(Required work): Range to reproduce from the entries below: the line with "オーソドックスな形状のチタン", the line with "Contoh Karangan Amalan Gaya Hidup Sihat Pdf", and every line in between. Give them exactly and give nothing else.

(Material for the task):

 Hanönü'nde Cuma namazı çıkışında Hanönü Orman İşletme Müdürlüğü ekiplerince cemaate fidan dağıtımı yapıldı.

* * *

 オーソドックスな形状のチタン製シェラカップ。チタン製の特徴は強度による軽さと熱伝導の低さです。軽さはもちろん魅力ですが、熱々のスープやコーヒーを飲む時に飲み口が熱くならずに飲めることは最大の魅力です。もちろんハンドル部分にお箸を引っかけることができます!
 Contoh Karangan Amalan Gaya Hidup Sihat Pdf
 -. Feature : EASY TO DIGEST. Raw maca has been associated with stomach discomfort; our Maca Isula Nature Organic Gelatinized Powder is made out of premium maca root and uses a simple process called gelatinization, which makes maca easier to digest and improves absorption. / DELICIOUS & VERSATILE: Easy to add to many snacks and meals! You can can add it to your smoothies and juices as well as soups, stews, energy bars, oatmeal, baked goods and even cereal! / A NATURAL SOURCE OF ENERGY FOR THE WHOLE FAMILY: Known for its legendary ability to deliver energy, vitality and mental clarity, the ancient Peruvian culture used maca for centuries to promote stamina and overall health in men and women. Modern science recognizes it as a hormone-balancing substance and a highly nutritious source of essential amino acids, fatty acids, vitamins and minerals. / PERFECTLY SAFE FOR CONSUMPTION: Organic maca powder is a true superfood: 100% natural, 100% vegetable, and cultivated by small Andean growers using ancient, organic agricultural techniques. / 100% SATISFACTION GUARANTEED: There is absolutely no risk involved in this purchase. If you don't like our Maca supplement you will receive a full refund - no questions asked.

(Solution for this problem):
 オーソドックスな形状のチタン製シェラカップ。チタン製の特徴は強度による軽さと熱伝導の低さです。軽さはもちろん魅力ですが、熱々のスープやコーヒーを飲む時に飲み口が熱くならずに飲めることは最大の魅力です。もちろんハンドル部分にお箸を引っかけることができます!
 Contoh Karangan Amalan Gaya Hidup Sihat Pdf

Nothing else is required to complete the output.